I immediately wished I had my phone because I wanted to document that shit. A DOUBLE rainbow? On an overcast, December, winter’s day in Seattle? No one would have believed it. But I left my phone at home to charge so I just kept running and listening to my audiobook because calories aren’t going to burn themselves.

As I rounded another corner, I saw ahead of me, the end of that rainbow. Okay, that’s it! This. Must. Be. Documented. I remembered that my iPod had video camera function that I have never used. I pulled it out, hoping to get a decent shot of this awesomeness.

And then… I kept running because the clock was ticking and I had to get back home and shower and start dinner and feed the baby…. and….fill-in-the-blank of any menial task that needs to get done.
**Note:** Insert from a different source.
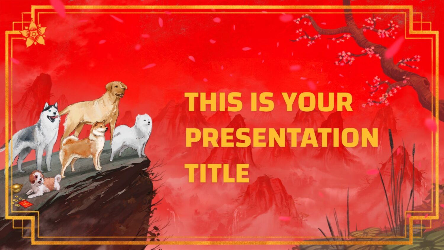 Si quieres celebrar el Año Nuevo Chino con un diseño lleno de significado, esta plantilla gratuita te ayuda a armar una presentación con estilo. La ilustración representa el Año del Perro, símbolo de lealtad y buena fortuna, e incluye la flor de ciruelo (meihua 梅花), asociada a la resiliencia. El rojo sugiere suerte y alegría, y el dorado se relaciona con prosperidad.

Then God brought me to my knees. As I rounded another corner I saw a man coming toward me pulling a child’s wagon. It’s the same wagon I bought for Brooke last summer. It’s a plastic radio flyer with the canopy. Just so you know, those things are like $100. As I approached him I saw that he didn’t have a child in that expensive wagon; he was pulling a very elderly Jack Russell Terrier laying on top of brocade pillows. The look on that dogs face DID turn me into the guy on YouTube that cries hysterically over the double rainbow. It was one of the most profound displays of complete love that I have ever seen.

I stopped running. I stopped listening to my audiobook. I walked the rest of the way and stayed in that moment because I realized that God was trying to tell me something. He was trying to say slow down, stop rushing, take this in because it doesn’t get any better than this and because I am the greatest multi-tasker of all time and I have a few things to teach YOU woman.

And you know what I saw just before I got home?

It is not likely that I will stop multi-tasking anytime soon, but when it comes to God and this Universe, there are too many amazing things to be missed if I don’t stop and set my intentions so He can hear me. To slow down and remember to be present and at the very least, say thank you. Think of what I would have missed today had I not?

I might not have lost those calories in my body, but I filled my soul with so much more.